BUG: Categorical data fails to load from hdf when all columns are NaN · Issue #18413 · pandas-dev/pandas (original) (raw)

Code Sample, a copy-pastable example if possible

import numpy as np import pandas as pd

df = pd.DataFrame({'a': ['a', 'b', 'c', np.nan], 'b': [np.nan, np.nan, np.nan, np.nan]}) df['a'] = df.a.astype('category') df['b'] = df.b.astype('category')

df.to_hdf('foo.h5', 'bar', format='table') pd.read_hdf('foo.h5', 'bar')

Problem description

While storing an hdf file with categorical data containing np.nans works fine, loading the file back in to a DataFrame raises an exception.

  File "~/env/lib/python2.7/site-packages/pandas/io/pytables.py", line 372, in read_hdf
    return store.select(key, auto_close=auto_close, **kwargs)
  File "~/env/lib/python2.7/site-packages/pandas/io/pytables.py", line 742, in select
    return it.get_result()
  File "~/env/lib/python2.7/site-packages/pandas/io/pytables.py", line 1449, in get_result
    results = self.func(self.start, self.stop, where)
  File "~/env/lib/python2.7/site-packages/pandas/io/pytables.py", line 735, in func
    columns=columns, **kwargs)
  File "~/env/lib/python2.7/site-packages/pandas/io/pytables.py", line 4124, in read
    if not self.read_axes(where=where, **kwargs):
  File "~/env/lib/python2.7/site-packages/pandas/io/pytables.py", line 3329, in read_axes
    a.convert(values, nan_rep=self.nan_rep, encoding=self.encoding)
  File "~/env/lib/python2.7/site-packages/pandas/io/pytables.py", line 2133, in convert
    if mask.any():
AttributeError: 'bool' object has no attribute 'any'

This exception is related to storing a column that contains np.nan values only (column a stores and loads fine on its own).
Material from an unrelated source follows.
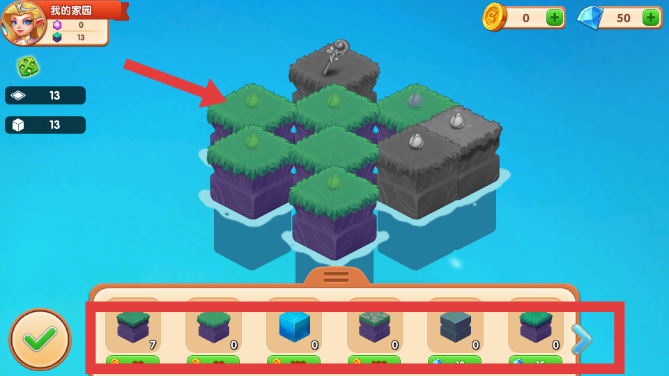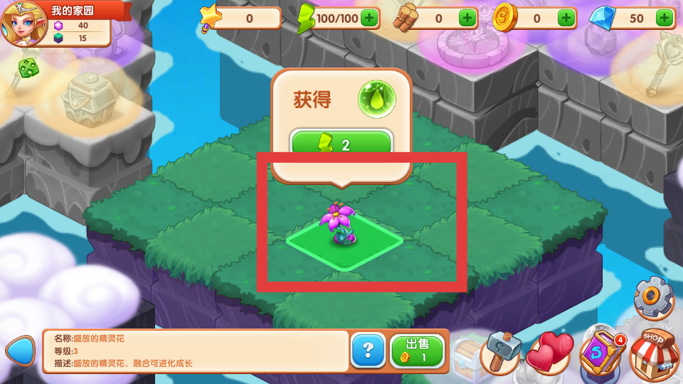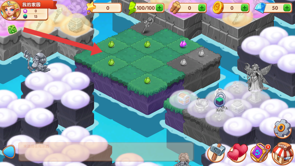 2、通過合成等操作,逐步拓展家園的土地面積,解鎖更多可操作的空間,用于放置和合成元素。

The problem could already be in the way the metadata for column b (the np.nan-only column) is stored when calling df.to_hdf() as the metadata is None when loading. The relevant code for the pd.read_hdf() in DataCol.convert:

elif meta == u('category'):

            # we have a categorical
            categories = self.metadata
            codes = self.data.ravel()

            # if we have stored a NaN in the categories
            # then strip it; in theory we could have BOTH
            # -1s in the codes and nulls :<
            mask = isnull(categories)
            if mask.any():
                categories = categories[~mask]
                codes[codes != -1] -= mask.astype(int).cumsum().values

has metadata set to None (self.metadata == categories == None) which in turn makes mask (=isnull(None)) a scalar value (False) and thus .any() fails.

Expected Output

No exception; dataframe loads as it would without categorical data.

Output of pd.show_versions()

INSTALLED VERSIONS

commit: None
python: 2.7.13.final.0
python-bits: 64
OS: Darwin
OS-release: 16.7.0
machine: x86_64
processor: i386
byteorder: little
LC_ALL: None
LANG: en_AU.UTF-8
LOCALE: None.None

pandas: 0.20.3
pytest: 3.1.3
pip: 9.0.1
setuptools: 35.0.2
Cython: 0.25.2
numpy: 1.13.1
scipy: 0.16.0
xarray: None
IPython: 5.4.1
sphinx: None
patsy: None
dateutil: 2.6.1
pytz: 2017.2
blosc: None
bottleneck: 1.2.0
tables: 3.4.2
numexpr: 2.6.2
feather: None
matplotlib: 1.4.3
openpyxl: 1.8.6
xlrd: 0.9.3
xlwt: None
xlsxwriter: 0.9.6
lxml: 3.7.3
bs4: None
html5lib: 0.999999999
sqlalchemy: 1.1.9
pymysql: None
psycopg2: 2.6.1 (dt dec pq3 ext lo64)
jinja2: 2.9.5
s3fs: 0.1.2
pandas_gbq: None
pandas_datareader: None